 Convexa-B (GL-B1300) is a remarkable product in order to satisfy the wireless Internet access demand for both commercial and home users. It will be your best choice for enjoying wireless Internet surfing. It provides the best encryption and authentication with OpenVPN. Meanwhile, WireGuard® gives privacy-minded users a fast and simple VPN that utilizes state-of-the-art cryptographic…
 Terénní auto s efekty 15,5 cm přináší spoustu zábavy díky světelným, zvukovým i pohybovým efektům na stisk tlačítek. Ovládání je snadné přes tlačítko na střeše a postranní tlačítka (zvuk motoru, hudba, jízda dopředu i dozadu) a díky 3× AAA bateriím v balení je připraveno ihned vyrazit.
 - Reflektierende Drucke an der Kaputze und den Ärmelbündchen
--
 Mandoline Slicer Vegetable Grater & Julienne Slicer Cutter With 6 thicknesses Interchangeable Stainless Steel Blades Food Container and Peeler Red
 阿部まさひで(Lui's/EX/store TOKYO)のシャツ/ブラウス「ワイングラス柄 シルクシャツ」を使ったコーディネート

— WHAT THE TASK REQUIRES —
All that is wanted is an exact copy of the lines above from the one with "Terénní auto s" through the one with "- Reflektierende Drucke", with both ends included.

— RESULT OF THIS TASK —
 Terénní auto s efekty 15,5 cm přináší spoustu zábavy díky světelným, zvukovým i pohybovým efektům na stisk tlačítek. Ovládání je snadné přes tlačítko na střeše a postranní tlačítka (zvuk motoru, hudba, jízda dopředu i dozadu) a díky 3× AAA bateriím v balení je připraveno ihned vyrazit.
 - Reflektierende Drucke an der Kaputze und den Ärmelbündchen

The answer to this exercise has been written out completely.